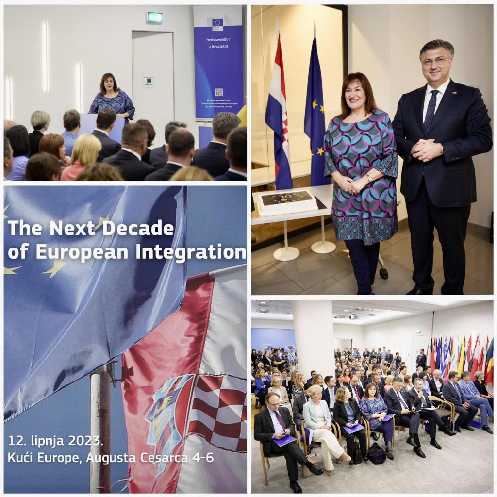 Kuća Europe u Zagrebu. PVRH Plenković na konferenciji „Sljedeće desetljeće europske integracije“ u povodu 10. obljetnice članstva RH u EU-u (1. srpnja 2013.): Nastavit ćemo učinkovito koristiti EU sredstva - koja su zamašnjak razvoja Lijepe Naše. No Europska unija nije samo novac, kako to neki tvrde, nego je i zajednica prava i demokratskih, civilizacijskih vrijednosti koje dijelimo. Stoga želim još jednom zahvaliti dr. Franji Tuđmanu i hrvatskim braniteljima koji su u iznimno teškim okolnostima stvarali i stvorili hrvatsku državu. Bez njih danas ne bismo živjeli u slobodi, niti bismo bili dio EU-a. Unatoč velikosrpskoj agresiji, a u novije vrijeme i dvjema globalnim krizama, uspjeli smo doći u fazu „catching up-a“. Hrvatska lovi korak s državama koje su svoje EU procese započele još 1990-ih, dok je u nas bjesnio rat.
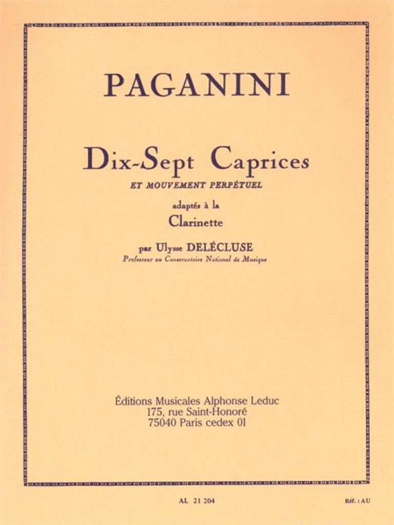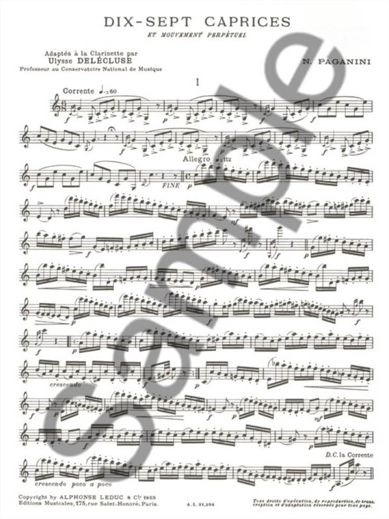 PAGANINI:DIX SEPT CAPRICES iz kategorije etude sodi med odlične klarinet.
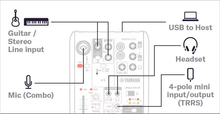 Yamaha AG03MK2 kết nối với máy tính hoặc điện thoại qua cổng USB-C tốc độ cao, tương thích với Windows, macOS, iOS và Android. Chức năng Loopback cho phép trộn âm thanh từ micro và nhạc nền cùng lúc để livestream, ghi âm hoặc gọi video mà không cần thêm thiết bị hỗ trợ.
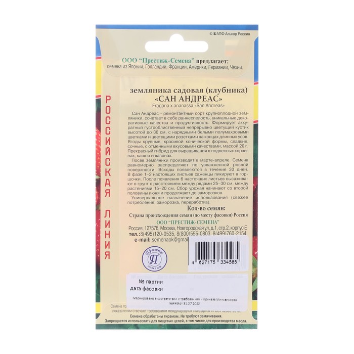 Посев земляники производят в марте-апреле. Семена равномерно распределяют по увлажненной ровной поверхности. Всходы появляются в течении 30 дней. В фазе 1-2 настоящих листьев саженцы пикируют в горшочки. После появления 6 настоящих листьев высаживают в грунт с расстоянием между рядами 25-30см, между растениями 15-20см. Сбор урожая начинают со второй половины июня и продолжают до заморозков.
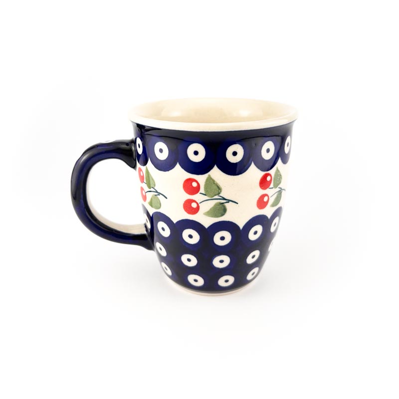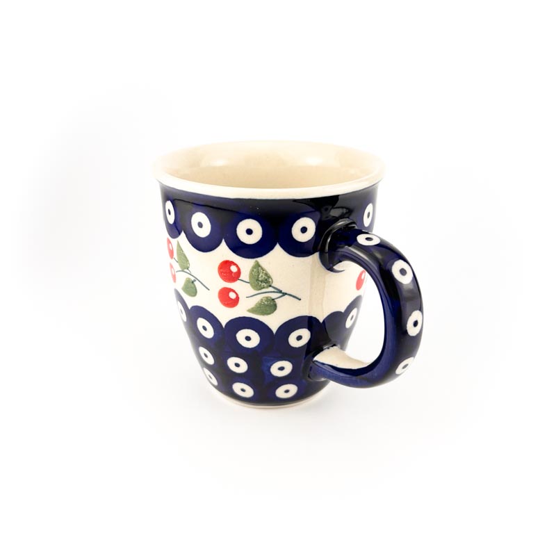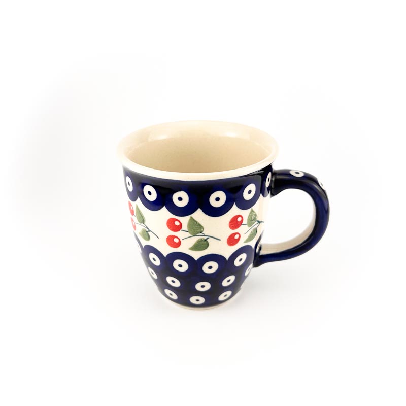 Kubek Bolesławiec, pojemność 300 ml. Kształt Mars – bardzo popularny i tradycyjny kształt kubka. Wykonany z oryginalnej ceramiki bolesławieckiej. Wzór tradycyjna kropki i czerwone wiśnie. Malowany ręcznie. Producent: Manufaktura w Bolesławcu. Produkt polski.
:::::
▶ [Exercise aim]:
Starting at the line that contains "PAGANINI:DIX SEPT CAPRICES" and ending at the line that contains "Посев земляники производят", transcribe the material above exactly, excluding pictures.

▶ [Answer area]:
 PAGANINI:DIX SEPT CAPRICES iz kategorije etude sodi med odlične klarinet.
 Yamaha AG03MK2 kết nối với máy tính hoặc điện thoại qua cổng USB-C tốc độ cao, tương thích với Windows, macOS, iOS và Android. Chức năng Loopback cho phép trộn âm thanh từ micro và nhạc nền cùng lúc để livestream, ghi âm hoặc gọi video mà không cần thêm thiết bị hỗ trợ.
 Посев земляники производят в марте-апреле. Семена равномерно распределяют по увлажненной ровной поверхности. Всходы появляются в течении 30 дней. В фазе 1-2 настоящих листьев саженцы пикируют в горшочки. После появления 6 настоящих листьев высаживают в грунт с расстоянием между рядами 25-30см, между растениями 15-20см. Сбор урожая начинают со второй половины июня и продолжают до заморозков.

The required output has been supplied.